In its prospectus, Qian Dama states IPO proceeds will be used for supply chain enhancement, store network optimization, and technology investment. However, capital alone cannot fix the fundamental tension between its discount-driven brand promise and franchisee profitability. The company has tried to reassure markets, with Feng Weihua (冯卫华) publicly reaffirming commitment to the “no overnight meat” ethos. Yet, the strategic roadmap remains unclear. Success post-listing would require a delicate recalibration: perhaps moderating discount aggressiveness, improving revenue-sharing with franchisees, or developing hybrid store models for new regions.
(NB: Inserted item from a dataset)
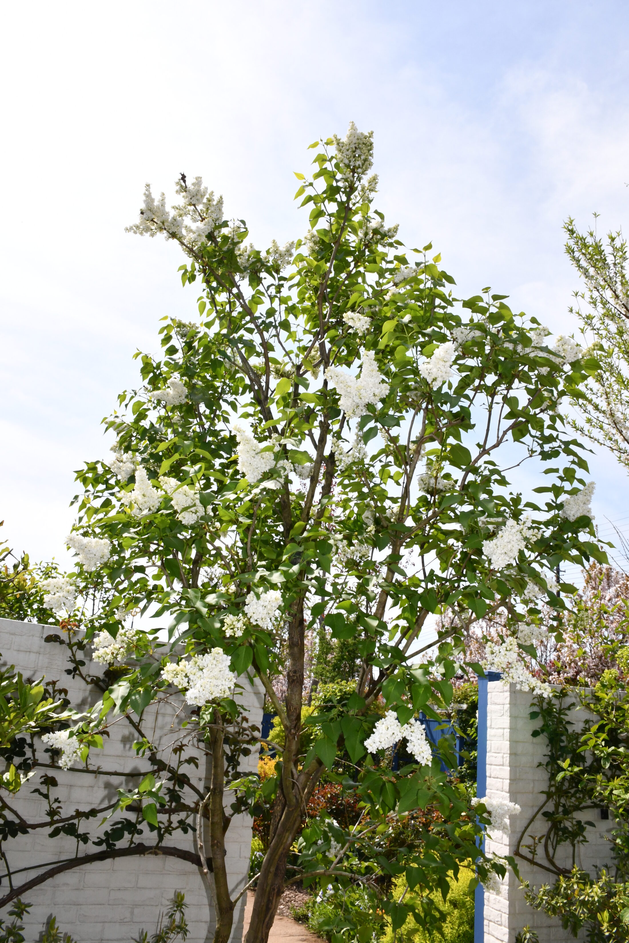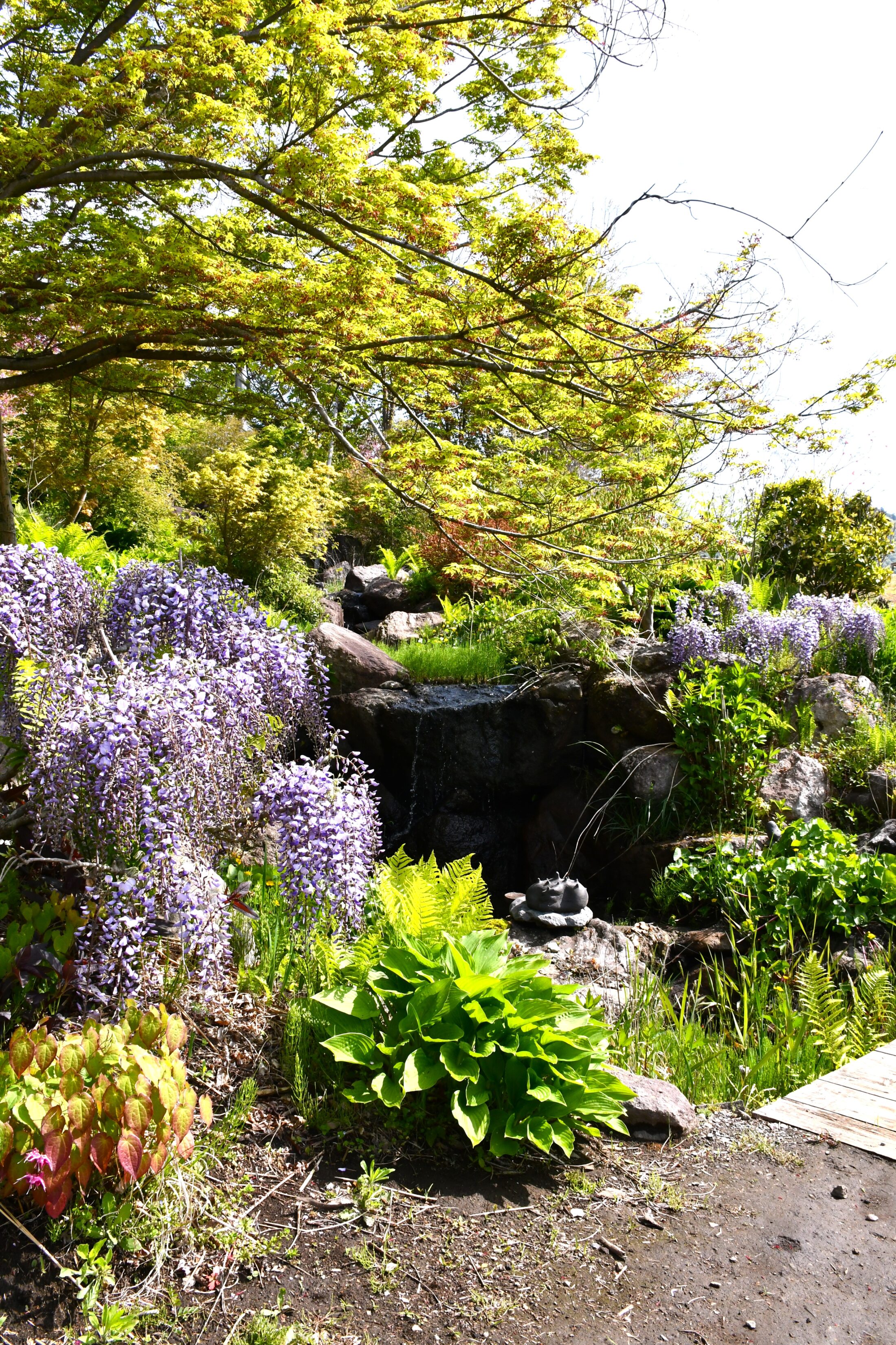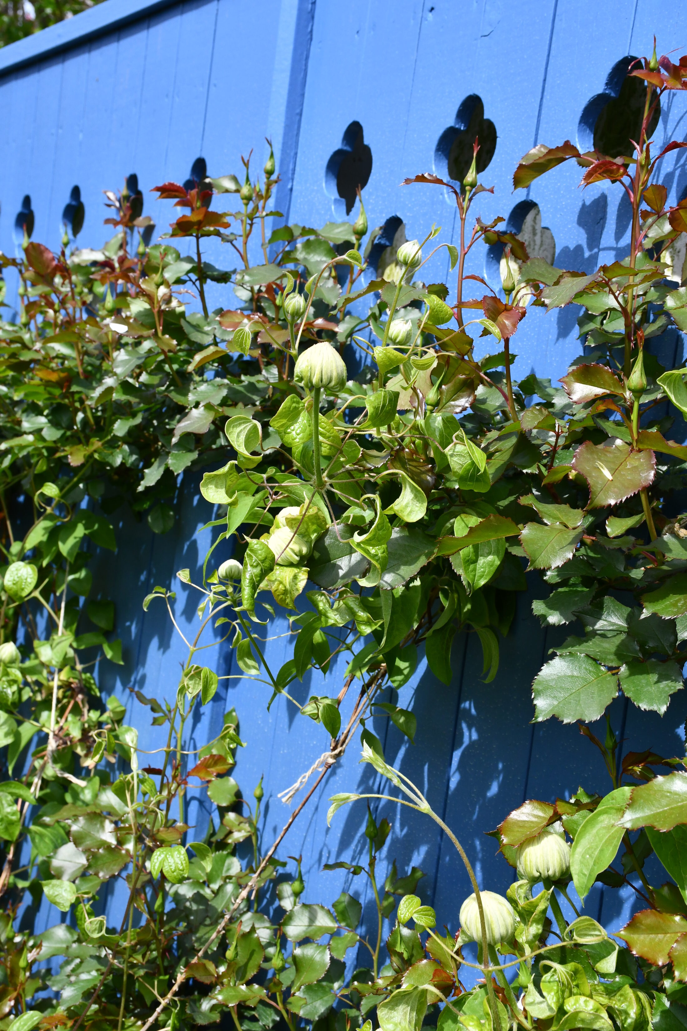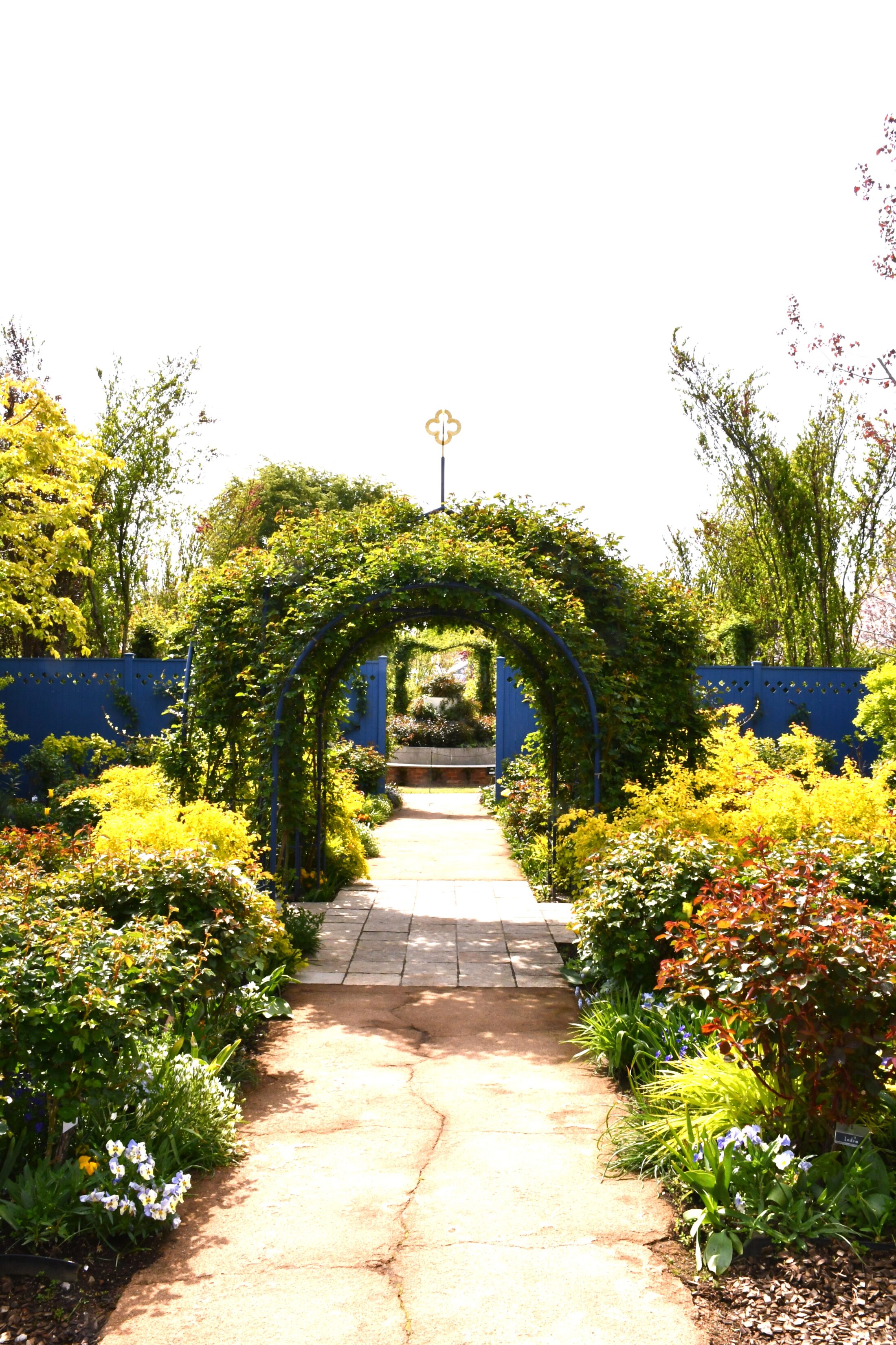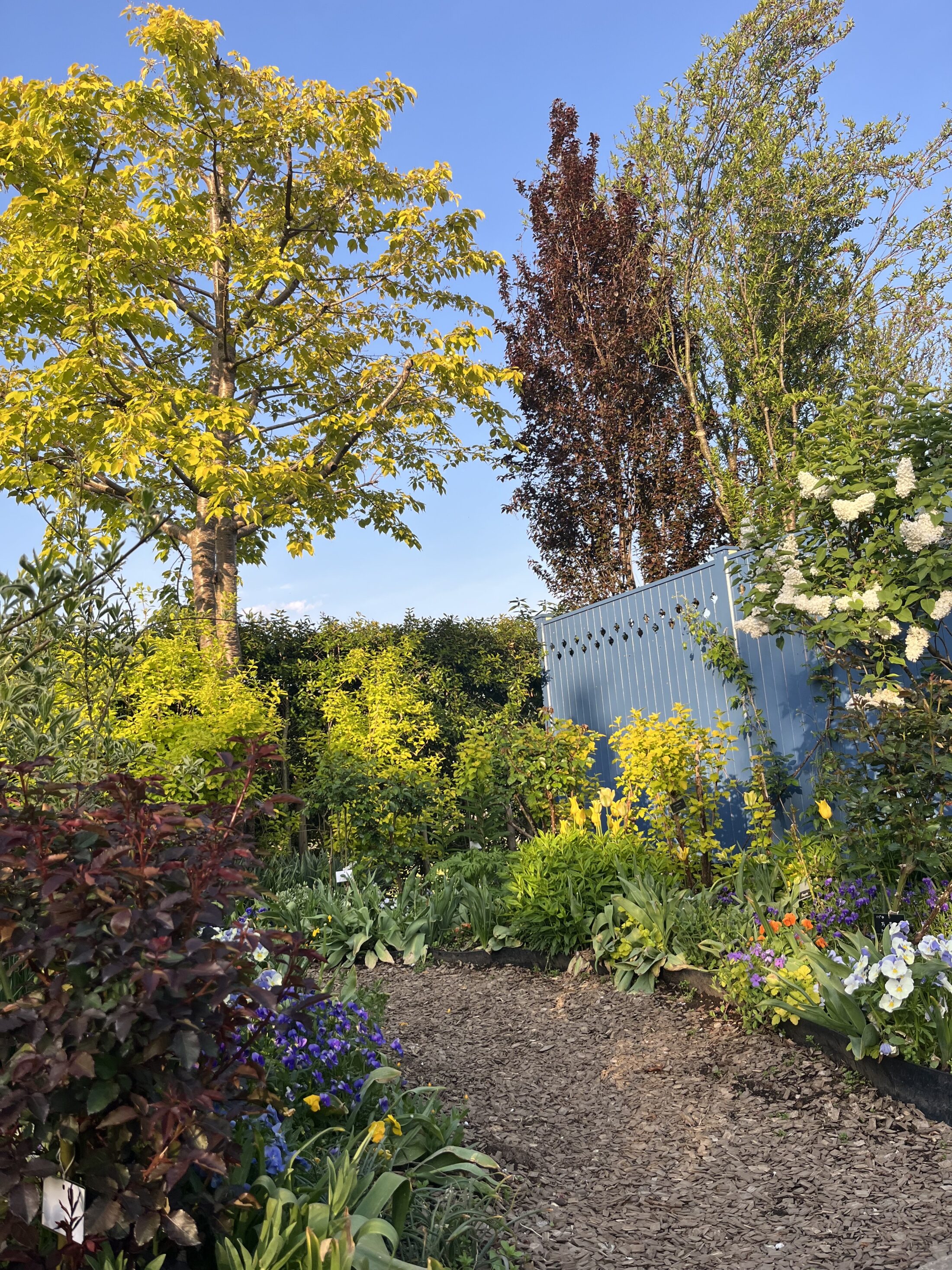 バラの開花はまだですが、木々や草花のグリーンやえんじ色、オーレア色のリーフカラーが、イエローガーデンを囲む壁のブルーにとても映えます。

This third IPO attempt buys time, but the underlying business model challenges demand more than a financial Band-Aid.Qian Dama’s narrative is a potent mix of visionary branding, operational innovation, and the harsh realities of scale. This third IPO attempt arrives as a pivotal moment of truth. While the company boasts leading market share and a powerful community brand, its financials reveal stagnation, its franchise network is fraying, and its leadership is in flux. For institutional investors, the prospectus offers a case study in the risks of over-reliance on a single, margin-pressuring operational gimmick and the difficulties of transplanting a locally optimized model. The upcoming listing, if successful, will provide essential capital, but the true test will be whether management can execute a difficult转型 (transformation)—moving from a discount-driven traffic model to a sustainably profitable, geographically diversified fresh food retailer. Market participants should closely monitor post-IPO communications for concrete plans on franchisee relations, regional strategy, and margin improvement. Qian Dama’s journey underscores that in China’s cutthroat fresh retail arena, even industry giants must continually evolve or risk being left behind.